С годами Федор из молодого стройного красавца превратился в Федора Анатольевича, полного, солидного директора хлебокомбината. Конечно, добытчиком в семье был он. Ляле отводилась почетная роль матери двух сыновей, которой, кроме работы, никуда нельзя было отлучаться. Будучи не совсем коммуникабельной, Ляля от этого не страдала, хотя при любом возможном случае она любила выставить себя в роли жертвы, которая в заточении. Абсолютно не приспособленная к жизни, она была без понятия, сколько стоит батон хлеба, и крайне удивилась, когда случайно узнала, что люди, оказывается, платят за свет, за газ и за другие коммунальные услуги, которыми пользуются. Ляля работала в городской больнице и была уважаемым врачом в городе.

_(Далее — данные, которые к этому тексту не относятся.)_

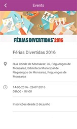 Application that aims to promote news and events, spread of information and tourist and cultural promotion of the municipality of Reguengos de Monsaraz. The group of features will soon be available and the municipality will be able to communicate and receive direct feedback from the citizens, by providing some services. Key features: . Consultation of local information . Cultural agenda . Consultation of news, . Notifications; . Sending of occurrences . Weather informations; . Sugestions; . Large item collection; . Pharmacies; . Water counter; . Civil Protection.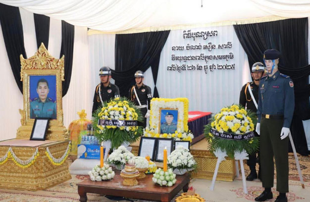 ភ្នំពេញ ៖ រូបភាពសាកសពវីរកងទ័ពជួរមុខ១រូប ដែលបានពលីក្នុងសមរភូមិ និងត្រូវបានទាហានថៃ២នាក់ ចងដៃចាប់អូសសព រួចថត បង្ហោះពេញបណ្តាញសង្គម បានធ្វើឱ្យមហាជនអ្នកប្រើប្រាស់បណ្តាញសង្គម ពិសេសក្រុមគ្រួសារសព មានការតក់ស្លុតរន្ធត់ចិត្ត ឈឺចាប់ហួស ប្រមាណ ដោយក្នុងនោះ កូនស្រីវីរកងទ័ពពលីខាងលើ បានប្រកាសថ្កោលទោសយ៉ាងខ្លាំង ចំពោះទាហានសៀមឈ្លានពាន ដែលបានប្រព្រឹត្តទង្វើ មកលើឪពុក ជាទីស្រលាញ់របស់នាង ដែលស្ម័គ្រចិត្តទៅឈរជើងប្រយុទ្ធជាមួយខ្មាំងសត្រូវដោយមិនរារែកចិត្ត រហូតលះបង់សាច់ស្រស់ ឈាម ស្រស់ដើម្បីជាតិមាតុភូមិ។

После работы, к двум часам дня, она возвращалась домой, принимала душ, обедала и ложилась с книгой на свой любимый, продавленный, давно уже принявший форму ее тела диван и читала, начиная с научных публикаций и кончая классической литературой. Она обожала музыку и любила под настроение музицировать. Федор Анатольевич денег жене не давал, справедливо полагая, что деньги ей ни к чему, коль на нем лежит обязанность обеспечения семьи всем необходимым. Мою свекровь такое положение дел вполне устраивало, так как она не знала, что в принципе с ними делать.
Конец ознакомительного фрагмента.
Текст предоставлен ООО «ЛитРес».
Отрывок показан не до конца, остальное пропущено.